** Data block follows **

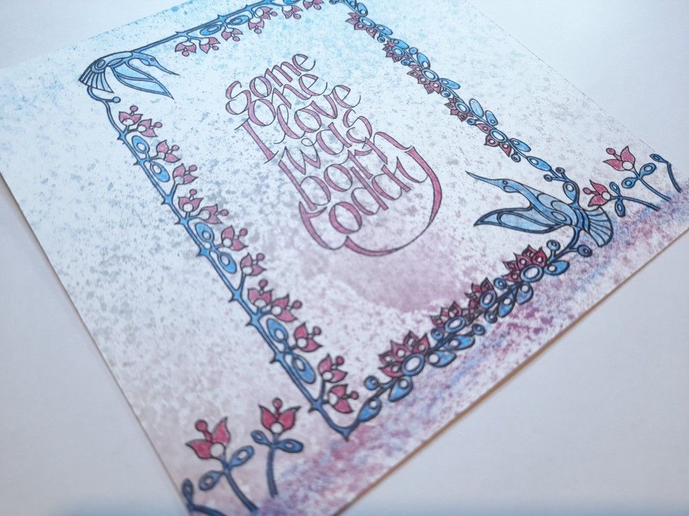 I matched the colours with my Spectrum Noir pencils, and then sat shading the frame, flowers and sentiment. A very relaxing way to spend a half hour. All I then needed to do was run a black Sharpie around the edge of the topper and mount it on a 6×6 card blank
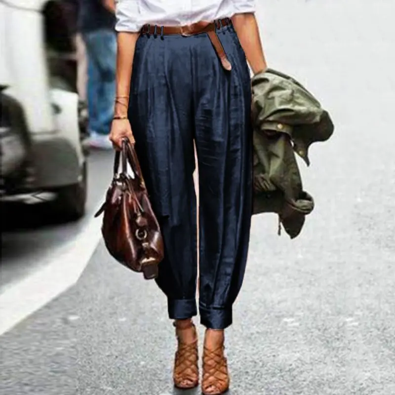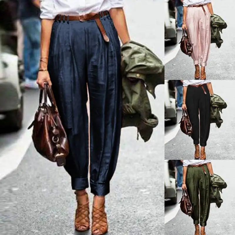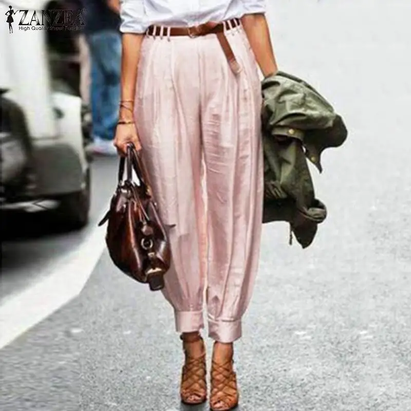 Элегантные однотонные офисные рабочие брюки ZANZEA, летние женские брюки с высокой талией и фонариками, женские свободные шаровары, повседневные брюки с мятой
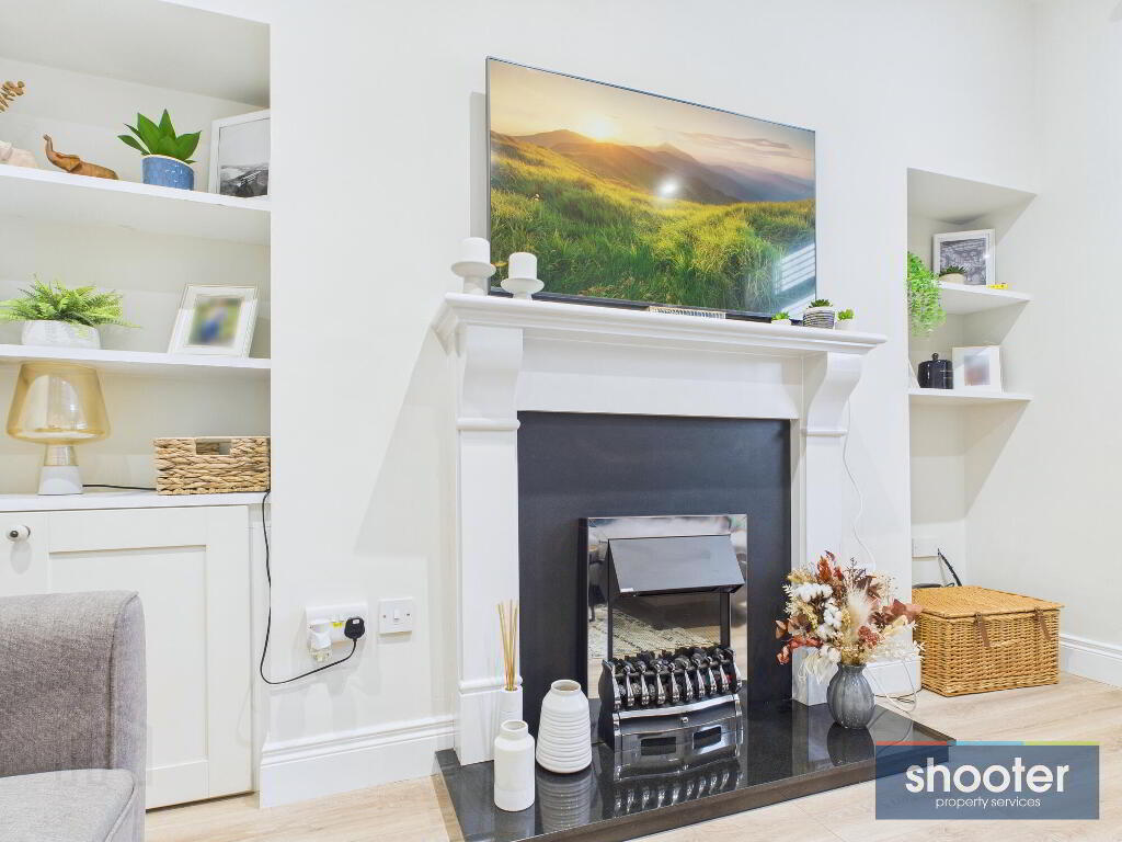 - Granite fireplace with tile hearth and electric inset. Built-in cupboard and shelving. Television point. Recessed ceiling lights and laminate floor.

** End of Data block **

Reproduce exactly, and only, the lines that begin at the one containing "Элегантные однотонные офисные" and end with the final line of the data, both included, while omitting every picture.

 Элегантные однотонные офисные рабочие брюки ZANZEA, летние женские брюки с высокой талией и фонариками, женские свободные шаровары, повседневные брюки с мятой
 - Granite fireplace with tile hearth and electric inset. Built-in cupboard and shelving. Television point. Recessed ceiling lights and laminate floor.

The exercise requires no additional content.